Landlords of Houses in Multiple Occupation (HMOs) have until 1 October 2018 to ensure they comply with new regulations.
The Licensing of Houses in Multiple Occupation (Prescribed Description) (England) Order 2018 will extend the scope of section 55(2)(a) of the Housing Act 2004. Currently, only HMOs of three or more stories occupied by five or more people from two or more separate households require a licence. However, this is changing to remove the requirement for the HMO to comprise three or more stories.
In short, under the new legislation, landlords who let HMO properties in England with five or more occupants from two or more separate households will need to obtain a licence from their local housing authority.
There is one exception to this, that is, if the property is a purpose-built block of flats comprising three or more self-contained units.
In addition, a new minimum size stipulation for bedrooms in HMOs that fall within the scope of the licensing will require:
- Rooms slept in by one person aged over 10 years to be at least 6.51 square metres.
- Rooms slept in by two people aged over 10 years to be at least 10.22 square metres.
- Rooms slept in by one child under the age of 10 years to be at least 4.64 square metres.
- Any room with a floor area of less than 4.64 square metres must not be used as sleeping accommodation.
As part of the regulations, all licences issued after 1 October 2018 will also need to include a condition requiring compliance with the council’s storage and waste disposal scheme (if one exists).

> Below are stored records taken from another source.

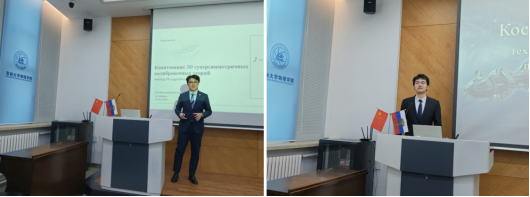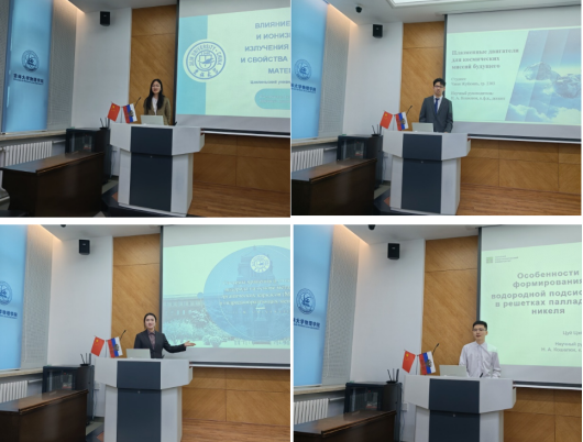 2023级学生聚焦前沿物理理论、航天工程、新材料、氢能利用等领域展开汇报。李飞翔以“Квантование трехмерных суперсимметричных калибровочных теорий с расширенной суперсимметрией”为题,探究扩展超对称性下三维超对称规范理论量子化的数学研究方法;曾圣皓以“Космический лифт: технология космических перевозок будущего”为题,解析太空电梯工作原理、材料瓶颈与未来航天应用前景;刘苏瑾以“Влияние водорода и ионизирующего излучения на структуру и свойства современных материалов”为题,剖析氢和电离辐射对现代材料结构性能的作用机理,并分享抗损伤材料设计思路;张睿元以“Плазменные двигатели для космических миссий будущего”为题,阐述等离子体发动机在未来航天任务中的推进优势与应用价值;张忻宁以“Системы хранения и очистки водорода на основе металл-органических каркасов и гидридообразующих металлов”为题,围绕金属有机框架材料储氢、氢能净化前沿技术,结合国内实际案例展开论述;崔珈瑀以“Особенности формирования водородной подсистемы в решетках палладия и никеля”为题,分析钯、镍金属内部氢子系统形成规律及其在生成生活中的应用场景。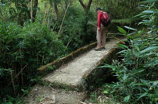 蛇木橋,抵達北勢溪畔,此處溪中有大岩床,形成天然滑水道,又是極佳的戲水地。取左過蛇木橋循溪往上游,最後抵達廢棄水圳道,本想續行大平山腰古道,卻走錯路。H406m |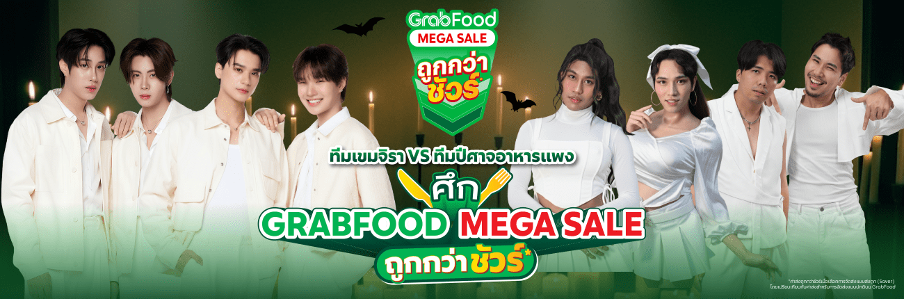 - รับสิทธิ์ร่วมกิจกรรมศึก GrabFood Mega Sale ถูกกว่าชัวร์* กับศิลปิน ตามวันหรือเวลาหรือสถานที่เป็นไปตามที่บริษัทเห็นสมควร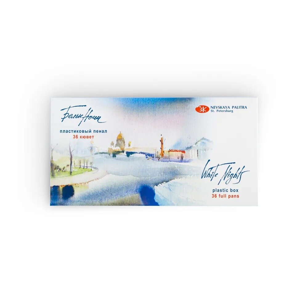 Акварель Зхк Белые ночи художественная 36 цветов, кюветы, пласт. упак., палитра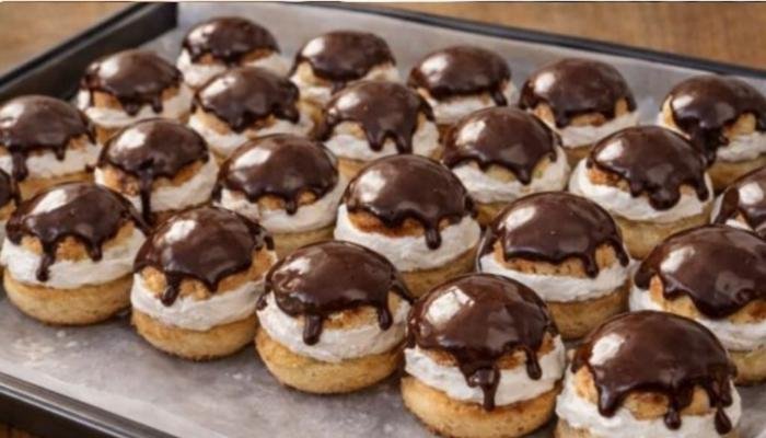 Slatko vrhnje čvrsto umutite sa malo šećera. Na tanjir složite neprelivene biskvite, premažite ih slatkim vrhnjem i poklopite glaziranim biskvitima.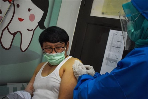 Tiêm thử nghiệm vắcxin ngừa Covid-19 tại trung tâm y tế ở Bandung, Indonesia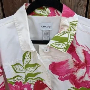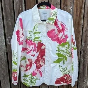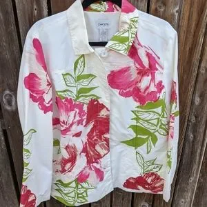 Chico's 3 Jacket Blazer Pink White Watercolor 16

These changes to the HMO legislation are being introduced in recognition of the unique nature of HMOs and as a result of the government’s drive to protect tenants from having to deal with substandard living conditions imposed by unscrupulous landlords, who are willing to exploit the need for accommodation for maximum profit without due regard to overcrowding, and the health and safety of occupiers and the local communities.